Losses were largely modest and turnovers routine, although copper and zinc were pressured by large warehouse inventory increases, with some sub-$6,700 per tonne sell-stops seen in the red metal.

“Before the weekend a lot of people decided to take some money off the table…the market is now looking to see what happens next. We will probably need some good news to sustain the rallies,” a trader said.

Analysts said the waves of profit-taking seen in response to recent impressive upswings is now ushering in some consolidation.

“We remain overall bullish for the metals, but question whether enough potential buyers will be willing to chase prices higher from these already rich price levels,” Metal Bulletin senior analyst William Adams said.

Copper, zinc sag as inventories rise 

  • The three-month copper price fell under $6,700 per tonne after a net 10,300-tonne increase in warehouse inventories to 218,725 tonnes. This was due to warrantings of 7,225 tonnes in Rotterdam and 5,200 tonnes in Singapore. 
  • Business was seen down to $6,686 per tonne before the market settled at $6,690, a $58 loss from the previous close. 
  • “Copper prices have risen by over 25% year-to-date, and we expect some profit-taking in the very near term. The outlook for copper remains very positive nevertheless, given continuing market deficits. Miners are anticipating further tightness in supply as a consequence of lost production this year, notably from the Escondida, Cerro Verde [Chile] and Grasberg [Indonesia] mines,” SG Market Research noted. 
  • The three-month zinc price retreated to $3,063 per tonne, down $20 from Monday. Stocks climbed 13,550 tonnes to 253,975 tonnes, due entirely to 13,700 tonnes warranted in Antwerp.

Others lose ground 

  • The three-month aluminium price settled just $2 lower at $2,120 per tonne, while stocks were 1,100 tonnes lower at 1,318,950 tonnes. Prices remain not far off the recent $2,145 peak, which was the highest since February 2013. 
  • The three-month lead market was $10 lower at $2,267 per tonne – inventories declined 250 tonnes to 163,775 tonnes. 
  • The three-month nickel price dropped to $11,635, a $115 loss. Stocks rose a modest 12 tonnes to 382,890 tonnes. 
  • The three-month tin price eased $45 to $20,705, with stocks climbing 50 tonnes to 163,775 tonnes.

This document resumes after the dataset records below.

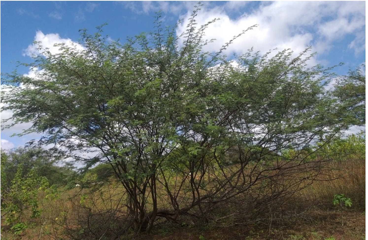
Figura 1. Árbol de Mimosa tenuiflora (tepezcohuite).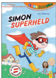
ISBN 978-3-7074-2103-3 1. Klasse, ab 5/6 Jahre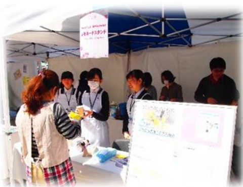
看護科:レモネードスタンド募金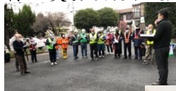
ボランティアの保護者や地域の皆さん

生徒の皆さんにとって、思い出に残る行事の一つとなったことでしょう。ご協力いただいた保護者の皆様大変お世話になりました。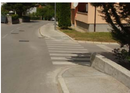
Prilazna rampa u ulici Dršćevka

- na javnim površinama u ulicama Dršćevka i Jurja Dobrile, na inicijativu Mjesnog odbora Pazin, izvršeno je uređenje osam (8) prilaznih rampi za osobe s invaliditetom.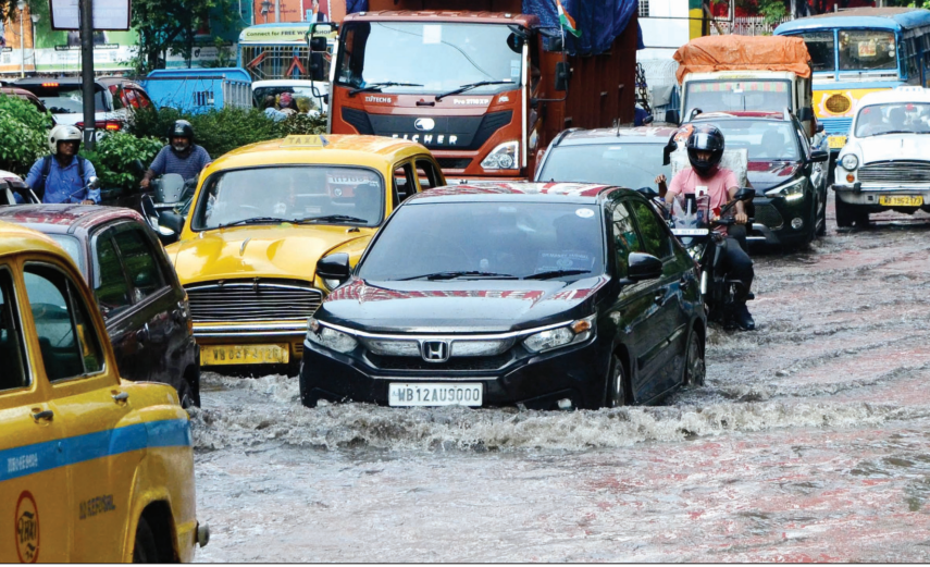
মঙ্গলবার সকাল ৬ দুপুরের ব্যু্টিতে জলময় এম জি রোড।

বলেছেন, ‘এই মুহূর্তে বাংলার অবস্থা উদ্বেগজনক। ছাত্ররা সরকারের উপর বিশ্বাস হারিয়েছেন, যুবকেরা ভীতসন্ত্রস্ত, আর মহিলারা রয়েছেন হতশাশ্ব। নাগরিকদের সুরক্ষা দেওয়া সরকারের দায়িত্ব। কিন্তু এই ঘটনার পর প্রশ্ন উঠছে সরকারের ভূমিকা নিয়ে।’ সাম্প্রতিক ঘটনাটি দেখে আতঙ্ক দিয়ে দেখিয়ে দিয়েছে সরকারের গাফিলতি। কলকাতা পুলিশের ভূমিকা নিয়েও প্রশ্ন তুলেছেন রাজ্যপাল। তাঁর মতে, কলকাতা পুলিশ ‘দুর্নীতিগ্রস্ত’ এবং ‘রাজনৈতিক মদতপুষ্ট’। সেই সঙ্গে মঙ্গলবার থেকেই রাজ্যভবনে বিশেষ একটি কমিটি রুম খুলেছেন রাজ্যপাল। আরজি কর-কাণ্ড নিয়ে সাধারণ মূল্যে ০৩৩২২০০১৬৪১ এবং ৯২৮৯০১০৬৮২— এই দুটি নম্বরে ফোন করে মতামত জানাতে পারবেন। কলকাতা পুলিশের সাক্ষাৎকারে রাজ্যপাল বলেন, ‘এই ঘটনা নিয়ে সার্বভৌম রাজ্যপাল। বর্তমানে দিল্লিতে রয়েছেন তিনি। মঙ্গলবার রাষ্ট্রপতি দ্রৌপদী মূর্মু ও উপরাষ্ট্রপতি জগদীপ ধনখড়ের সঙ্গে দেখাও করেন। রাজ্যপালের দিল্লি সফর থিরে রাজ্য রাজনীতিতে চলছে নানা গুঞ্জন।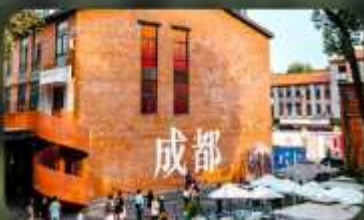
ดงเจียวจี้

HOLIDAY INN EXPRESS HOTEL หรือเทียบเท่า 4 คาว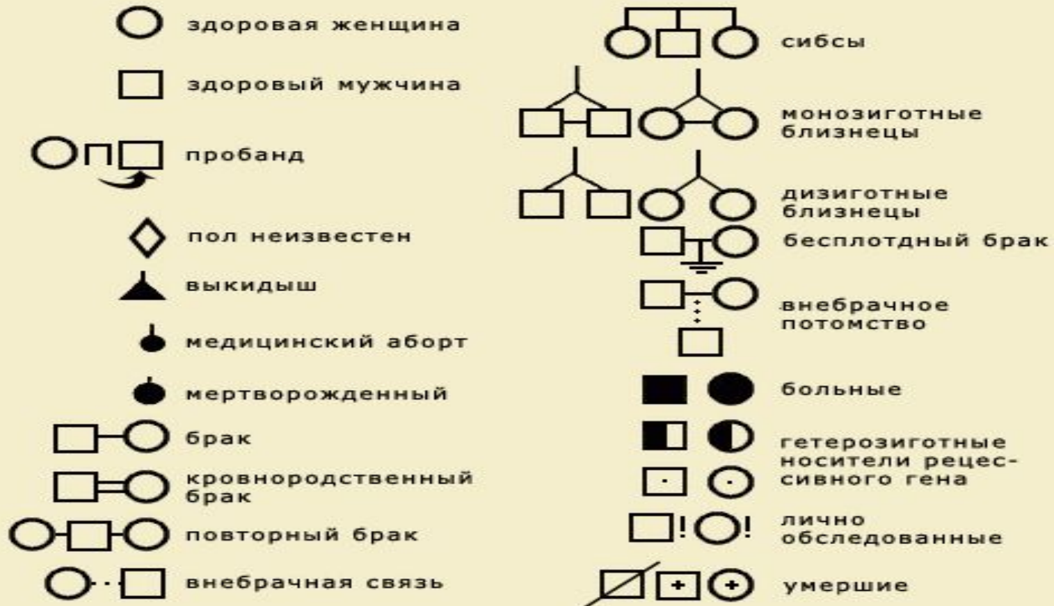
Рис. 7.6 Символы, используемые при составлении родословных

Currency moves and data releases 

  • The dollar index was 0.01 lower at 91.98. 
  • In other commodities, the Brent crude oil spot price was down 41 cents to $53.49 per barrel. 
  • In equities, the UK FTSE 100 index was just some nine points lower around 7,404. 
  • The data side is low-key, with the series of UK releases this morning so far not seen as metals-sensitive. Later today, the US JOLTS job openings figures will be issued.